Азизбеков с самого начала разговора решил действовать осторожно и осмотрительно. Он решительно запротестовал:
- У вас, сударь, нет никаких оснований для подобных предположений.
Начальник нахмурился.
- К чему превращать факт только лишь в предположение, господин Азизбеков?
Мешади опять приподнялся в кресле.
- Вот это именно я и хотел бы узнать: где и когда доказано мое недовольство государственным строем?
Казалось, начальник был рад, что разговор принял такой оборот.

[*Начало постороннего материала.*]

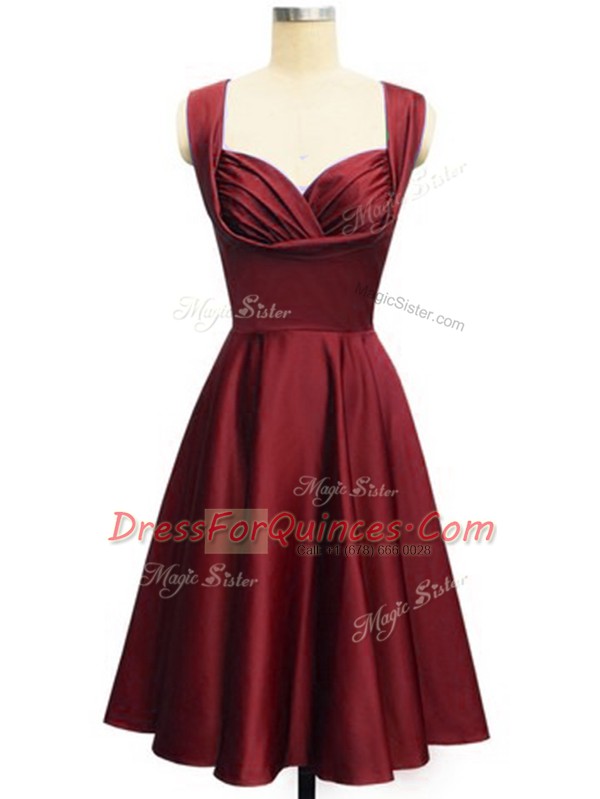 Knee Length Wine Red Court Dresses for Sweet 16 Straps Sleeveless Lace Up
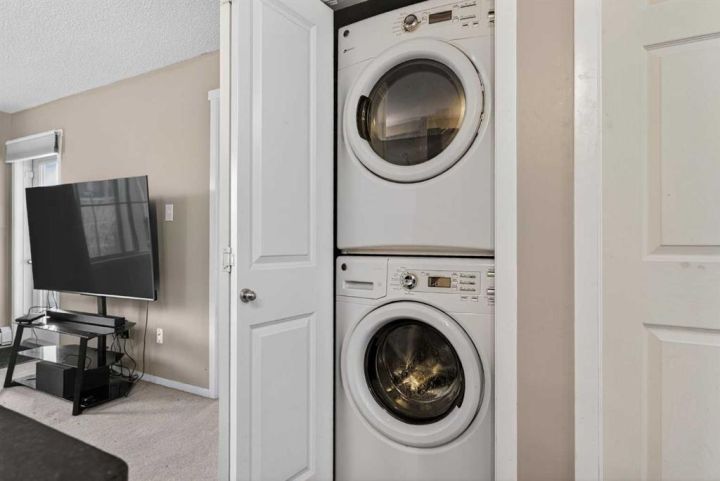 Experience easy, comfortable living in this modern two bedroom condo in Crystallina Nera. With a functional layout, practical features, and a bright, sunny living space, it has everything you need whether you are buying your first home or keeping it as a steady rental. It has been rented since purchase and has been a reliable investment for the current owner. Inside, you have two good sized bedrooms, one full bath, and an open living and kitchen area. The suite includes an in suite washer and dryer and a large northwest facing balcony that brings in great natural light, especially in the summer. You are minutes from Anthony Henday, close to transit stops, and only a short drive to Manning Town Centre, grocery stores, takeout spots, parks, and schools, making day to day life simple for owners or future tenants. It is a well kept two bedroom home that delivers exactly what you need. A solid choice for anyone looking for value in a growing community. Comes with one titled underground stall.
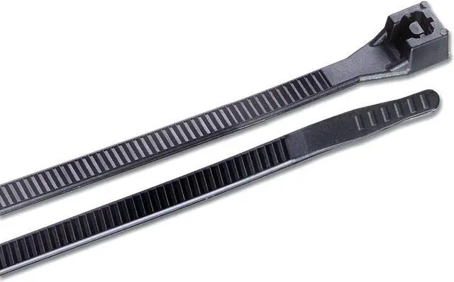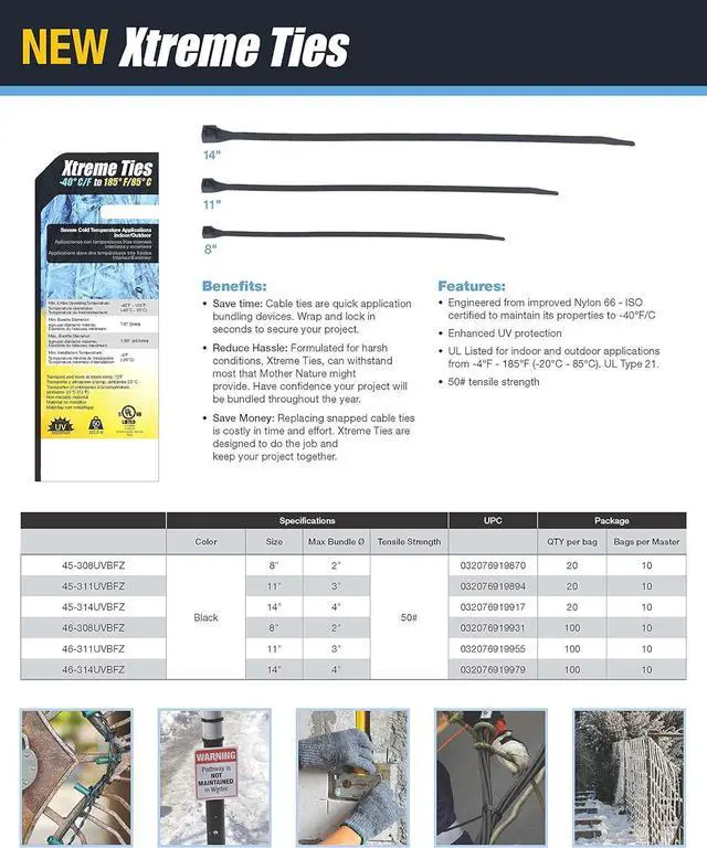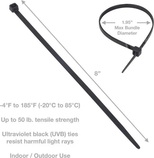 DESIGNED FOR RUGGED ENVIRONMENTS demanding HEAVY BUNDELING and LARGE BUNDLE DIAMETERSEngineered from improved Nylon 66 and ISO certified to maintain their properties down to -40°g F/CUL listed for indoor and outdoor applications from -4°F to 185°F (-20°C - 85°C)8 inch Length & 50 lb. tensile strengthPatented design with LOCKING TEETH on both sides of the tie ENSURE A STRONGER CONNECTION
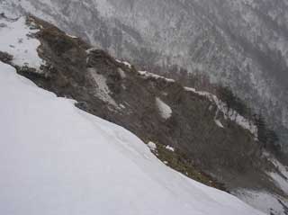 イザリ峠南面は ブロック崩壊と 雪崩れになっていた。 亀裂も多い。

Он снова навалился всем туловищем на стол и ритмическим движением пальцев начал по нему барабанить.
После долгой и томительной паузы он заметил: - Этот факт был доказан дважды, господин Азизбеков.
- Где и когда? - так же спокойно и не спеша, как будто он был здесь начальником, спросил Азизбеков.

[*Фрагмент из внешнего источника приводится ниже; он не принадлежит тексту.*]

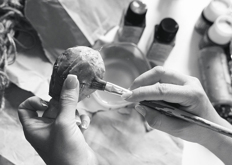 Прежде чем стать игрушечных дел мастерицей, Диана работала фотографом, журналистом, телевизионщиком, редактором. По первому образованию она художник-график, окончила бакинскую Академию художеств. «У меня были крутые преподаватели, они мне много дали. Дипломным руководителем стал замечательный художник-график Нусрат Гаджиев, он научил меня визуально выражать эмоции героев, а еще привил любовь к джазу», – вспоминает она. Джаз ведь – это импровизация. То, что Диана делает с бумагой, ватой, кисточками, создавая очередную елочную игрушку, – часто тоже импровизация. Она никогда не рисует эскизов – начинает сразу с подготовки каркаса, а дальше – как получится.
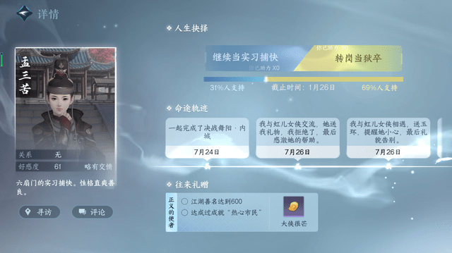 变为了和这些AI队友结交、聊天、互动,直到影响他们在的人生规划,深入的参与到整个江湖当中,现在的《逆水寒》手游社交,不单单只有玩家之间的交往,AI也成为了其中的重要组成。
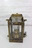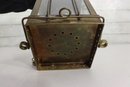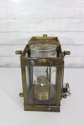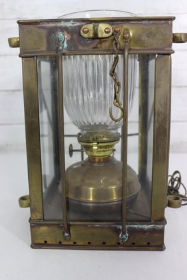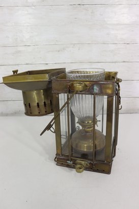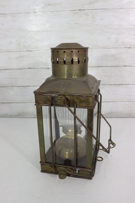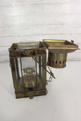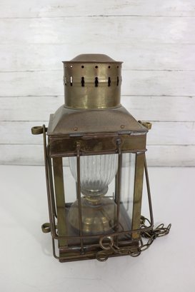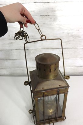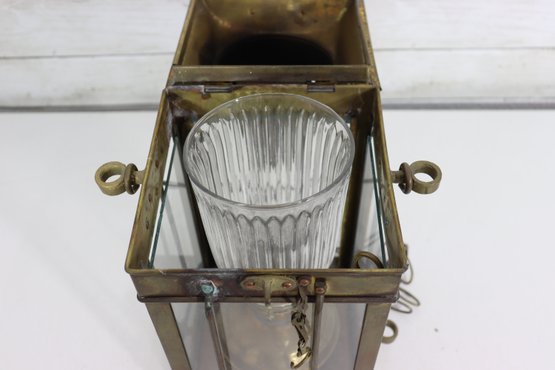 The lantern features four glass panels with a ribbed glass inner globe, a vented top chimney, and original locking latch hardware. The hinged lid opens smoothly, and it retains its sturdy hanging handle and side rings—perfect for display or use as a statement lighting piece.
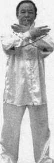 上体转正;右脚轻轻向左收回半步,随之全脚踏实,两腿慢慢直立,体重平 均放于两腿,两脚平行向前,与肩同宽,成开立步;两手交叉合抱于体前,两臂 撑圆,两腕交搭成斜十字形,高与肩平;眼平视前方。(图136)

- Очевидно, вы помните, что вас два раза заключали под стражу в Петербурге? - усмехнулся жандарм. - Вы там, кажется, бунтовали, вместо того чтобы учиться...

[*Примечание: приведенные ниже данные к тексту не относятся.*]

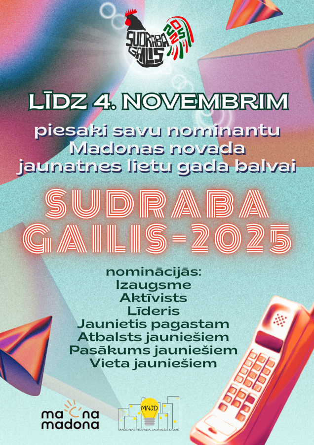 Gads pagājis nemanot un atkal ir laiks godināt aktīvākos Madonas novada jauniešus un darbā ar jaunatni iesaistītos pasniedzot Madonas novada jaunatnes lietu gada balvu "Sudraba gailis - 2025".

- Я вполне доволен своим ученьем и полученным образованием, сударь, сказал Азизбеков. И сам перешел в атаку: - Если вы, сударь, решили повторно наказать меня, то это, мне кажется, напрасный труд. Закон, как известно, воспрещает это.
Начальник решил пустить в ход последнее средство.
- И то, что между Петербургом и Баку огромное расстояние, и то, что с того момента, когда вы были заключены под стражу, прошли долгие месяцы, все это не говорит за то, что в ваших воззрениях и убеждениях произошли какие бы то ни было коренные изменения. Доказательства? Пожалуйста! Признание рабочего Байрама. Тайное собрание в доме Азимбекова, которое вы пытались обставить, как пиршество!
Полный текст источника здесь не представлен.